• ABOUT THIS EXERCISE: Nothing but the lines below from the one holding "關于舉辦第六屆河北省少年兒童發明獎評獎活動的通知" up to and including the one holding "根据儿童房的特点设计了到顶衣" should be copied, exactly and without pictures.

• SUPPLIED DATA:
<<<<

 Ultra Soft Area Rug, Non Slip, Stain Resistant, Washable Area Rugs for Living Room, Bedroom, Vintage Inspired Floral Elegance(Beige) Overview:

>>>>
<<<<

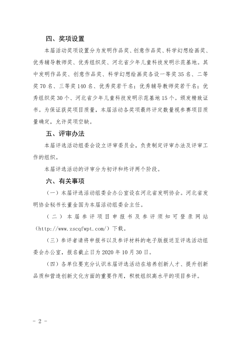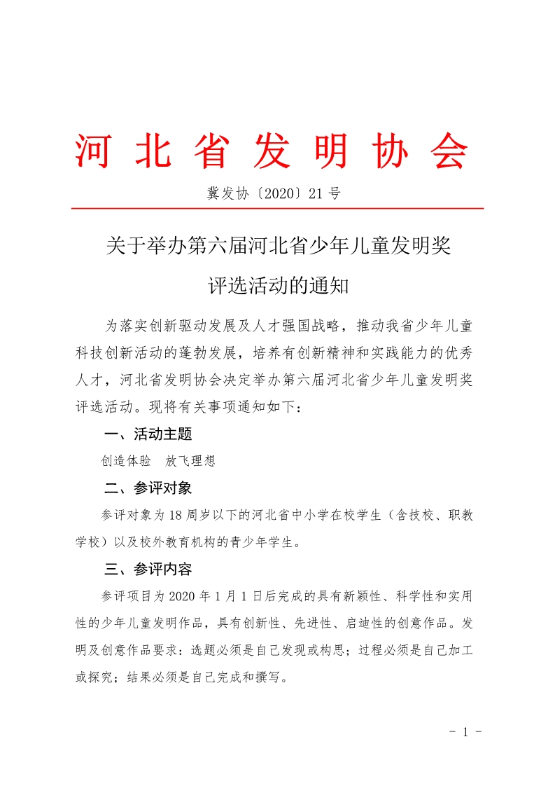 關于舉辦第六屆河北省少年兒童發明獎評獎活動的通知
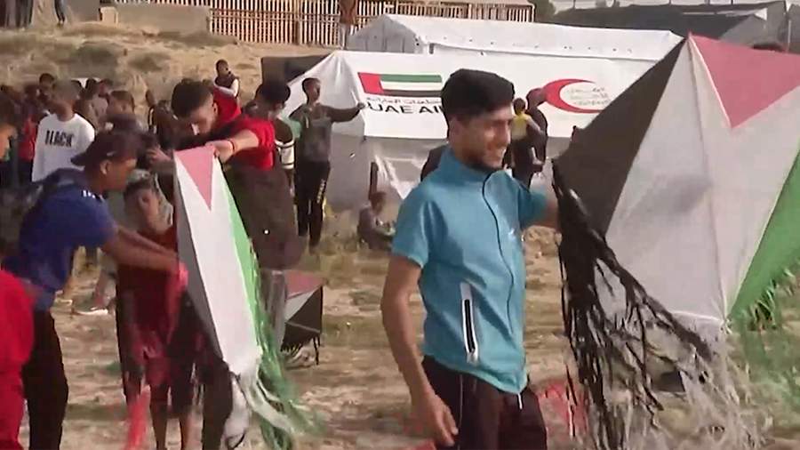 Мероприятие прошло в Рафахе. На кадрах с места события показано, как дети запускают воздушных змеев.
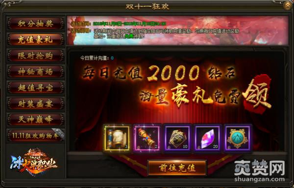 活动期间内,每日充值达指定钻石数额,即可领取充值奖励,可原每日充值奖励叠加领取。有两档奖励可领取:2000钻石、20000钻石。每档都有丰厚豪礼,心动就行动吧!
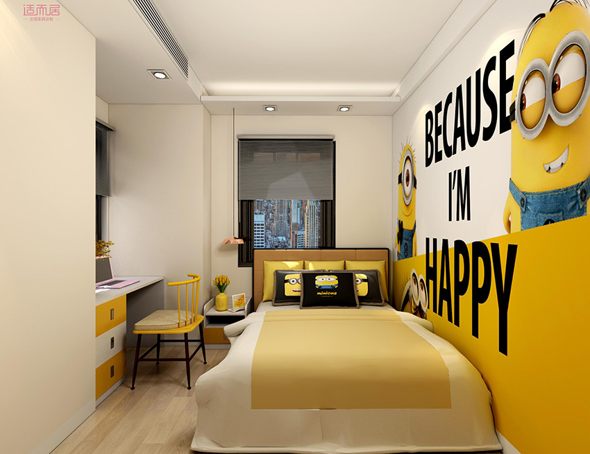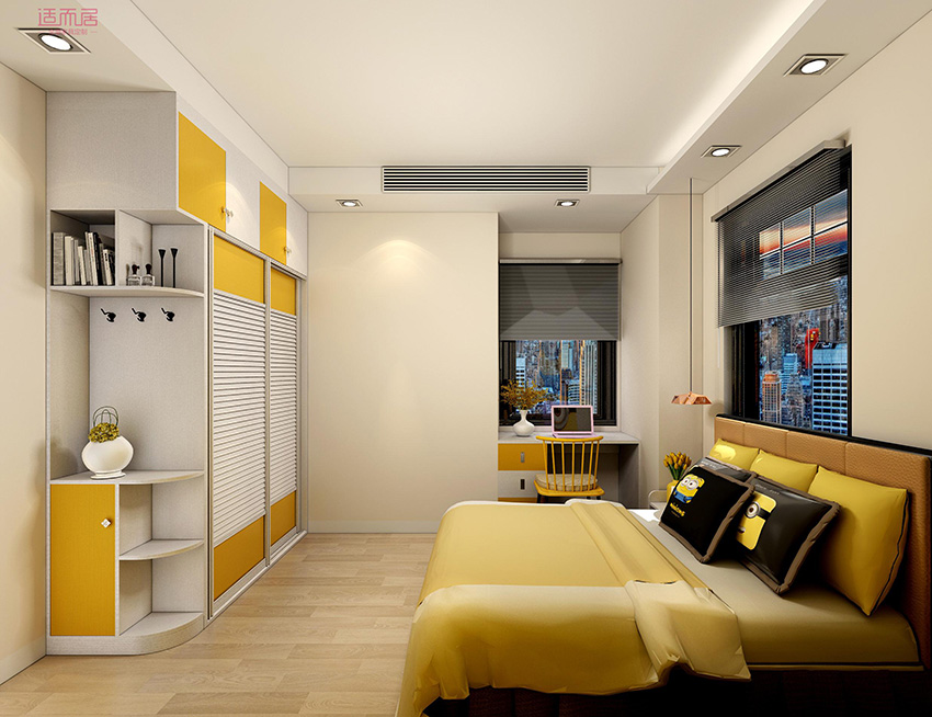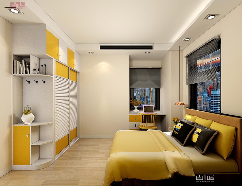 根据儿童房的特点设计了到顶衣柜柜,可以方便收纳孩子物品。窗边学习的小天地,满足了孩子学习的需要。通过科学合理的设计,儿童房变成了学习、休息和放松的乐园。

>>>>

• YOUR SOLUTION:
 關于舉辦第六屆河北省少年兒童發明獎評獎活動的通知
 Мероприятие прошло в Рафахе. На кадрах с места события показано, как дети запускают воздушных змеев.
 活动期间内,每日充值达指定钻石数额,即可领取充值奖励,可原每日充值奖励叠加领取。有两档奖励可领取:2000钻石、20000钻石。每档都有丰厚豪礼,心动就行动吧!
 根据儿童房的特点设计了到顶衣柜柜,可以方便收纳孩子物品。窗边学习的小天地,满足了孩子学习的需要。通过科学合理的设计,儿童房变成了学习、休息和放松的乐园。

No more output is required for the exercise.